Henri Marcel GOUGEARD (1928 – 1929)
L’enfant d’automne, né dans la lumière fragile d’un double destin
C’est dans la lumière adoucie de l’automne, le jeudi 18 octobre 1928, à 16 heures, que voit le jour Henri Marcel GOUGEARD, au cœur du quartier ouvrier de la rue de la Verrerie, au Havre (Seine-Maritime). Son arrivée n’est pas solitaire : il est le premier né d’une naissance gémellaire, un événement aussi redouté que rare dans les familles populaires du début du XXe siècle.
Ses parents, Gaston Jules GOUGEARD, âgé de 40 ans, contremaître et verrier aguerri, et Germaine Émilienne Delphine FOUCART, journalière et ménagère, âgée de 34 ans, vivent au rythme de la vie laborieuse du Havre industriel. La verrerie où travaille Gaston rythme leurs journées, dans une France qui tente de panser les plaies de la Grande Guerre et de faire face à la précarité croissante des années 1920.
Henri Marcel naît dans un foyer déjà riche de plusieurs enfants.
Ce petit garçon, tout juste arrivé, est donc entouré de quatre grandes sœurs et d’un jumeau, Pierre Edmond GOUGEARD, qui partage avec lui ce lien unique et mystérieux de la gémellité.

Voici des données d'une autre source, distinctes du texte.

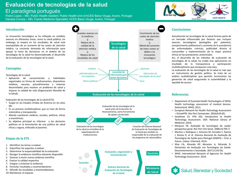 La innovación tecnológica se ha reflejado en notables avances en diferentes áreas, como la salud pública; sin embargo, la mejora en los resultados de salud está acompañada de un aumento de los costes de atención médica. La creciente demanda de información para apoyar la toma de decisiones en el ámbito de las tecnologías de la salud ha desencadenado el desarrollo de la evaluación de las tecnologías de la salud en los años sesenta y setenta en los Estados Unidos. En Portugal, desde 1999, la toma de decisiones sobre el uso y la financiación de tecnologías de la salud en el Servicio Nacional de Salud está precedida por una evaluación detallada, para garantizar la racionalidad de la respectiva contribución financiera. Todo esto comenzó con la evaluación económica de los medicamentos. En 2015 se creó el Sistema Nacional de Evaluación de Tecnologías de la Salud que, ademas de este ámbito, también es responsable de la evaluación de los programas de salud pública. Actualmente, la evaluación de las tecnologías de la salud es realizada por expertos de las áreas farmacéutica, clínica y económica de la Comisión de Evaluación de Tecnologías de la Salud y de la Dirección de Evaluación de Tecnologías de la Salud. La evaluación de las tecnologías de la salud es más que un instrumento de gestión política. Se trata de un análisis multidisciplinar que permite incrementar las ganancias de salud asegurando la sostenibilidad y la equidad de acceso.

Mais dès leur venue au monde, l’équilibre est menacé. Les médecins préviennent les parents : Pierre Edmond, le second jumeau, semble trop faible, sa survie paraît compromise. Pourtant, le destin, dans sa cruauté souvent imprévisible, décide autrement : c’est Henri Marcel, l’enfant jugé plus robuste, qui s’éteint prématurément, à l’âge de 9 mois, le vendredi 9 août 1929, au 42, rue Alphonse Toures, au Havre.
Son décès est déclaré par son père, Gaston Jules GOUGEARD, seul témoin de cette perte intime. Aucune cérémonie, aucun journal ne relate cet événement ; mais l’écho silencieux de cette disparition traverse les années.
Henri naît dans une France marquée par l’entre-deux-guerres, dans un monde incertain où la médecine infantile peine encore à sauver les plus fragiles. Les conditions de vie des quartiers ouvriers — promiscuité, hygiène difficile, épidémies — condamnent de nombreux enfants avant même leur premier anniversaire.
Sa courte vie, bien que discrète, prend place dans un pays en mutation, où les classes populaires luttent pour offrir un avenir meilleur à leurs enfants, dans les ateliers, les verreries, ou les rues encombrées de charbon et d’espoirs.
Par un paradoxe bouleversant, c’est Pierre Edmond, le jumeau qu’on disait condamné, qui grandira, porteur de cette mémoire silencieuse. On imagine la place invisible mais persistante qu’aura occupée Henri Marcel dans le cœur familial, et dans l’âme de son frère, qui a survécu à ce lien brisé avant d’avoir été pleinement vécu.